The universal nature of music, art and literature explains their enduring appeal and allows their creators the opportunity to reach a global audience.
The ability of copyright owners to be paid for exploitation of their works beyond their own national boundaries has been important since at least the late 18th and early 19th centuries. Beethoven, Haydn, Mozart and other composers entered into simultaneous publication agreements in order to prevent unauthorized printing of their works in other countries.
Including intellectual property within trade agreements is a relatively recent strategy -- originally developed by the U.S. in the early 1980s. In such agreements, intellectual property issues are subsumed within a larger trade agenda. For large, intellectual property-exporting countries such as the U.S., obtaining ever-stronger rights is seen as a way to obtain ever-stronger control over foreign markets. But what are the benefits for countries that are net importers of intellectual property? Few if any. On the contrary, they experience a net loss.
When the United States was itself a developing country, it rejected the pleas of Britain and other developed countries to protect foreign authors. From 1790 to 1891, the U.S. deliberately denied protection to foreign published works, and this policy greatly benefited American economic development.
Not surprisingly, developed countries argue for strong, uniform intellectual-property laws worldwide. A rising tide lifts all boats, they say.
That metaphor promises equality for all, and if the yachts are lifted up a bit more than dinghies, the dinghies might not complain so long as they are lifted up, too. The implied promise is that developing countries will end up with the same access to pharmaceutical drugs, the same creative works and so on as developed countries have. Yet countries that lack an educated citizenry, adequate domestic research-and-development companies, meaningful participation in financial markets and effective means to bring domestic innovations to market will not realize the benefits.
Consider, for example, how a small domestic record industry in a developing country can be easily eliminated if the floodgates are opened to foreign record companies.
The rising-tide metaphor can also be thought of in conventional economic terms. In the 18th century, Adam Smith claimed that an increase in the size of markets leads to increases in the diversity of offerings. Trade among countries increases this diversity by introducing people in one country to the goods, services and cultures of others.
In the 19th century, however, Alexis de Tocqueville took a different view. After studying life in the U.S., he concluded that “market growth serves as a magnet, pulling creators towards mass production and away from serving niches.” And he said this results in “a culture of the least common denominator.”
De Tocqueville’s view seems to have prevailed.
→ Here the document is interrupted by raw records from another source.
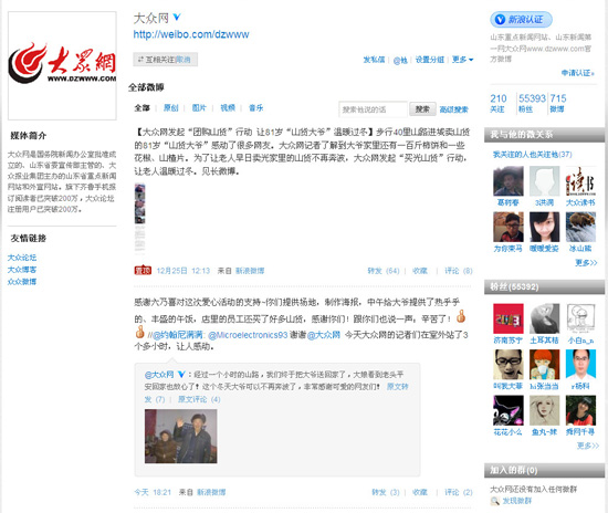 大眾網(wǎng)濟(jì)南12月27日訊記者 劉欣)55條原創(chuàng)微博、300余條微博評(píng)論、600余次微博轉(zhuǎn)發(fā)……這些數(shù)字是大眾網(wǎng)友們愛心的見證!今天,大眾網(wǎng)官方微博@大眾網(wǎng) 對(duì)愛心“團(tuán)購山貨”活動(dòng)進(jìn)行了全程微博直播,近100位網(wǎng)友通過微博號(hào)召大家購買愛心山貨,傳遞網(wǎng)絡(luò)正能量。
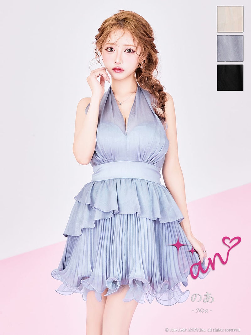 キャバドレス an アン 高級 ホルターネック フレアミニドレス バストカット フリル リボン 背中見せ
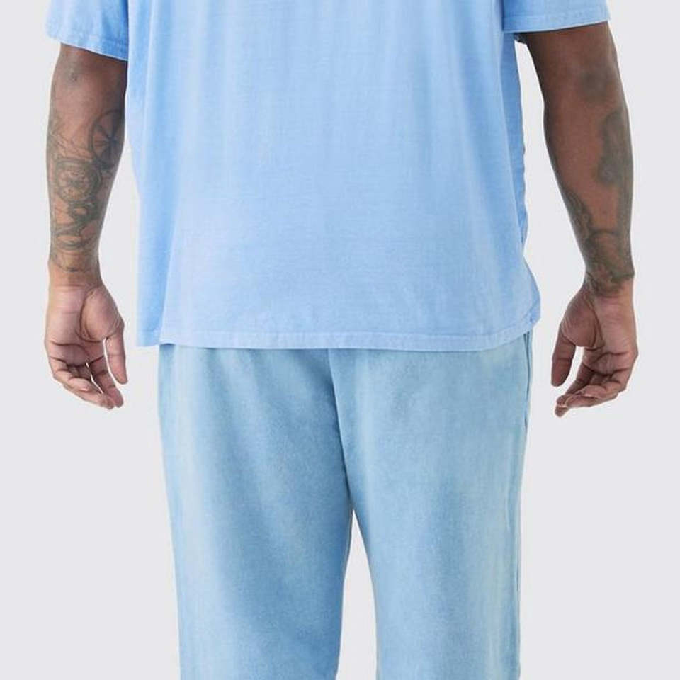 2025 Wholesale Light Blue Color Oversize Sweat Men's Pants Customize 100% Cotton Fabric Double Waist Flared Sweatpants For Men
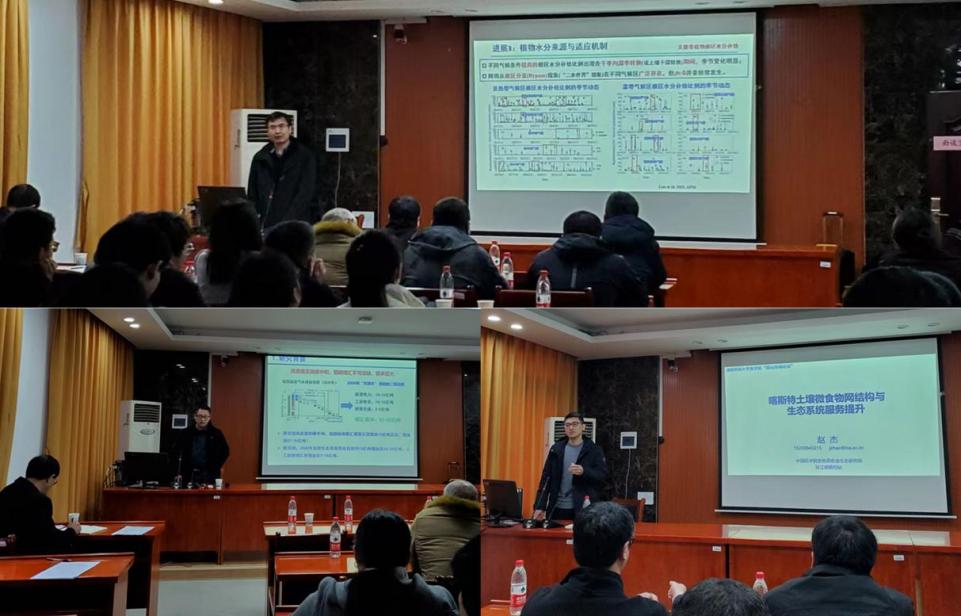 陈洪松围绕《喀斯特关键带水文过程与植物水分适应机制》主题,就“关键带多界面水文过程及其关键驱动因子”与“异质性生境典型植物水分来源与适应机制”两个关键科学问题,详尽展示了其团队的研究进展。张伟和赵杰分别就《喀斯特植被恢复的土壤碳汇效应与碳库稳定性》和《喀斯特土壤微食物网结构与生态系统服务提升》主题进行了学术报告。
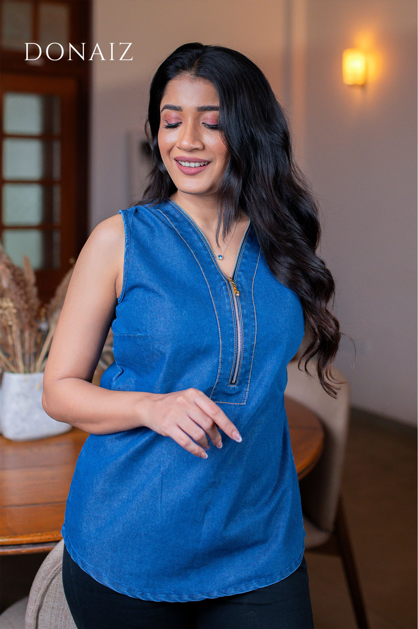 Gorgeous Sleeveless Zipper Chambray Top
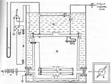 A schematic diagram of the apparatus for Millikan's refined oil drop experiment
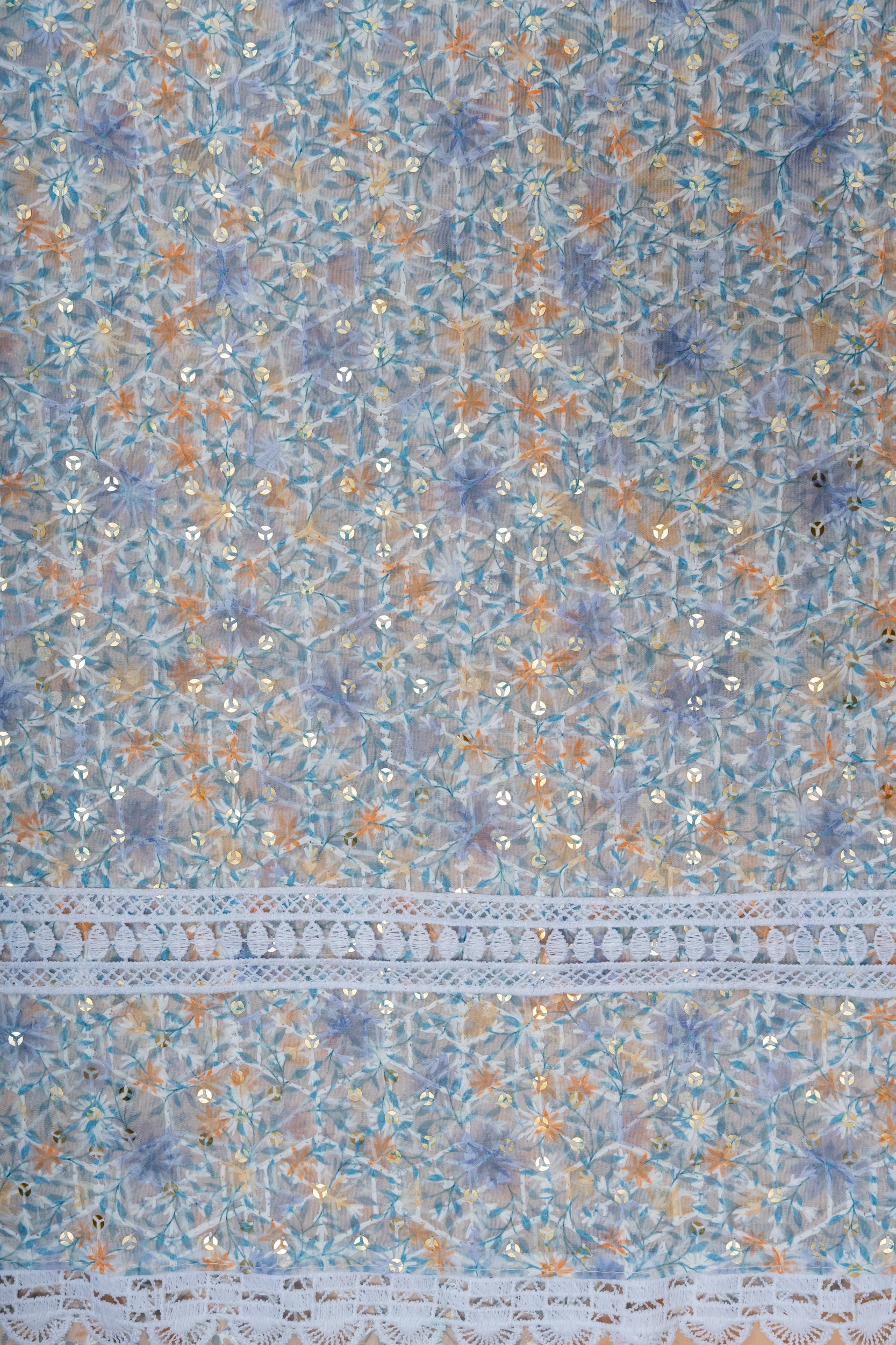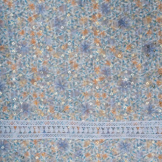 Mauve Sequence, Zari Threadwork & Digital Printed Cotton Unstitched Salwar Suit With Organza Dupatta

There is considerable evidence that our best-selling creations are dumbed down. (In 2010, the top-grossing film in the U.S. was “Toy Story 3.”)
At the same time, large markets such as New York City do provide diverse, niche offerings. And the growth of Internet platforms such as YouTube and blogs has provided fantastic offerings for specialized tastes. The economist Tyler Cowen had it right when he said, “Markets bring more homogeneity and more diversity. This dual trend characterizes consumer taste as well as cultural products generally.”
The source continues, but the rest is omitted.